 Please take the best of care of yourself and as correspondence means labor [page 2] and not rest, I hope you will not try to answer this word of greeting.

--

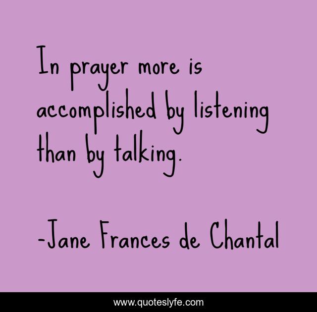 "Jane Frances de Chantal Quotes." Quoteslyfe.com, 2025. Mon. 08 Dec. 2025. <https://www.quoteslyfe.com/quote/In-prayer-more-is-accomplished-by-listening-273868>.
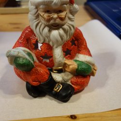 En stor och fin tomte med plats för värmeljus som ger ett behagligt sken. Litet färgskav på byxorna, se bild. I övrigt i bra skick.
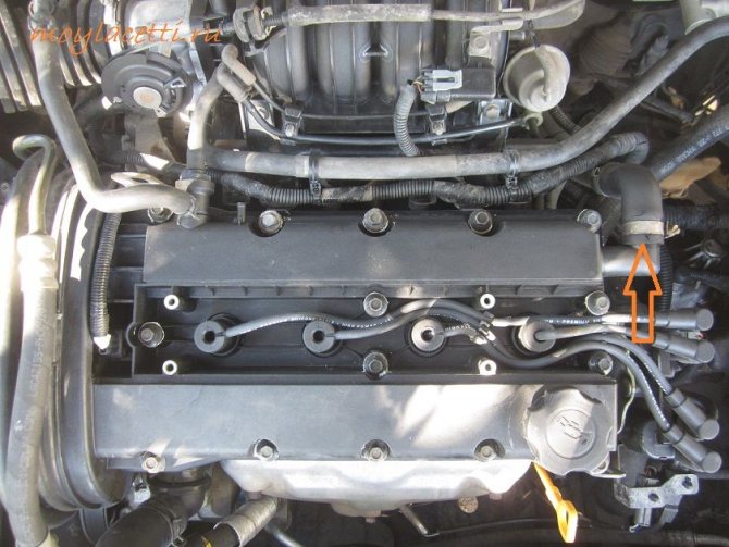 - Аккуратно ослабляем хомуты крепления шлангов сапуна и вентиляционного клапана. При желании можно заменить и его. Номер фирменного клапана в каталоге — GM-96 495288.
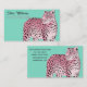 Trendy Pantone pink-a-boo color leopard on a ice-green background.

> [EXERCISE GOAL]:
Output should consist of the lines above from the one with "Frances de Chantal" down to the one with "Trendy Pantone pink-a-boo", exact and without pictures.

> [ANSWER]:
 "Jane Frances de Chantal Quotes." Quoteslyfe.com, 2025. Mon. 08 Dec. 2025. <https://www.quoteslyfe.com/quote/In-prayer-more-is-accomplished-by-listening-273868>.
 En stor och fin tomte med plats för värmeljus som ger ett behagligt sken. Litet färgskav på byxorna, se bild. I övrigt i bra skick.
 - Аккуратно ослабляем хомуты крепления шлангов сапуна и вентиляционного клапана. При желании можно заменить и его. Номер фирменного клапана в каталоге — GM-96 495288.
 Trendy Pantone pink-a-boo color leopard on a ice-green background.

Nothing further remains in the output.